Учёба давалась ей легко, практику, будучи от природы аккуратной, девушка проходила без проблем, к тому же за годы учёбы Липа похудела, пообтесалась в городе, оделась помоднее, и стало понятно, что она почти красавица. Прежние однокашники неожиданно разглядели девушку и во время приездов домой стали приглашать её то на танцы, то просто «походить». Однако родители бдили, аки два цербера, так что с танцульками и посиделками Липа пролетала. Но ей и самой были неинтересны деревенские женихи, романтичная девушка начиталась книжек про любовь и ждала прекрасного принца.

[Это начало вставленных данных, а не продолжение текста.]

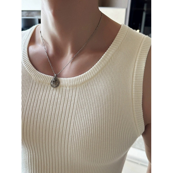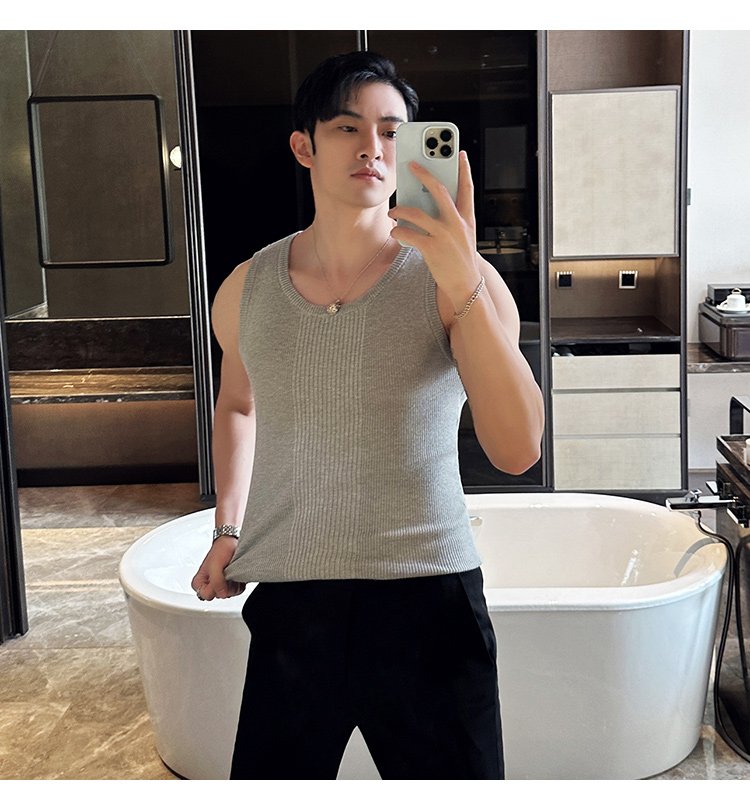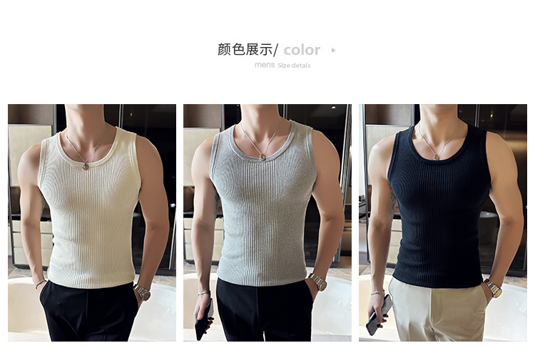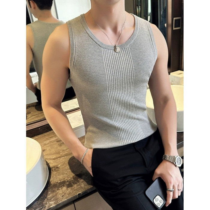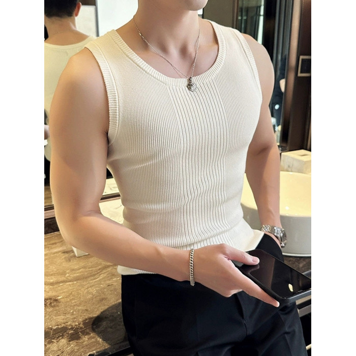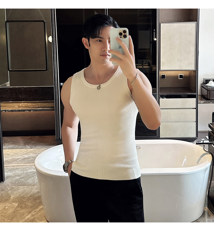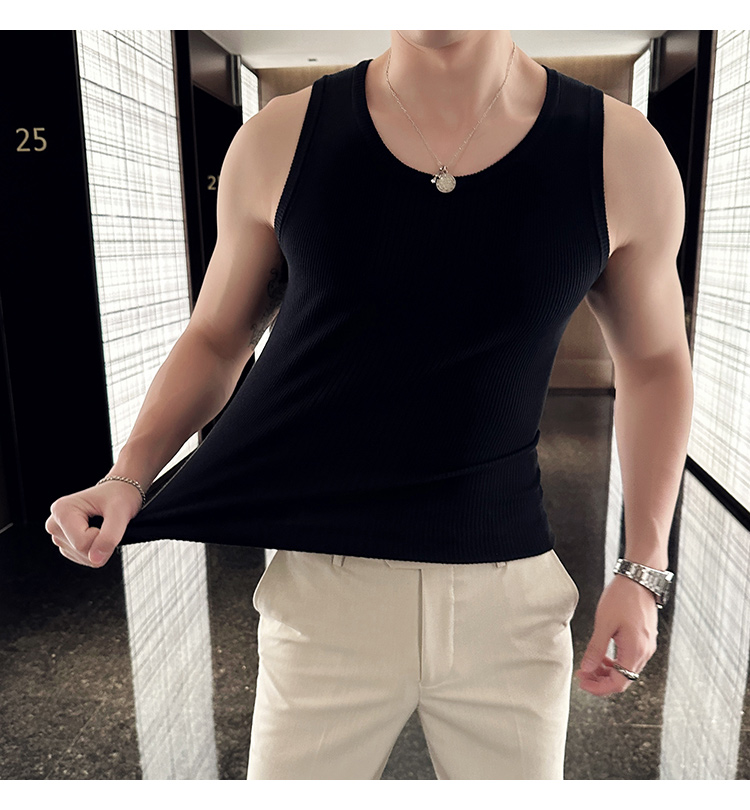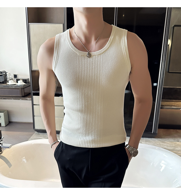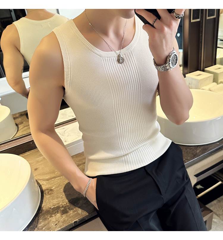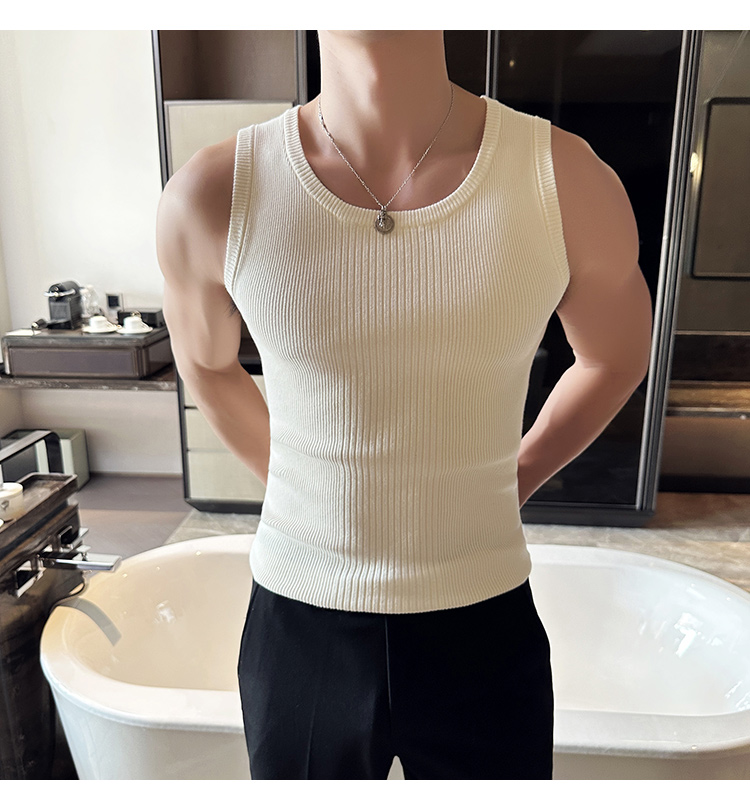 針織條紋背心男士夏季新款運動健身潮流坎肩緊身打底無袖t恤男款

И принц появился. На дискотеке в районном Доме Культуры, куда Липа отпросилась, соврав квартирной хозяйке про ночную практику в реанимации, её пригласил на танец самый красивый парень на свете – яркий блондин с невозможно голубыми глазами, с головы до ног «прикинутый» в «фирму». Кроссовки у него были «Адидас», джинсы – «Монтана», а на карманчике синей рубашки был вышит маленький крокодильчик. Роскошь для райцентра середины восьмидесятых невиданная. Парень сказал, что он учится в Ленинграде на журфаке университета, что сейчас проходит практику в местной газете «Трудовая доблесть» и что просто очарован провинциальной красавицей. Неизбалованная вниманием ТАКИХ парней Липа упала в руки искусителю, словно спелый плод.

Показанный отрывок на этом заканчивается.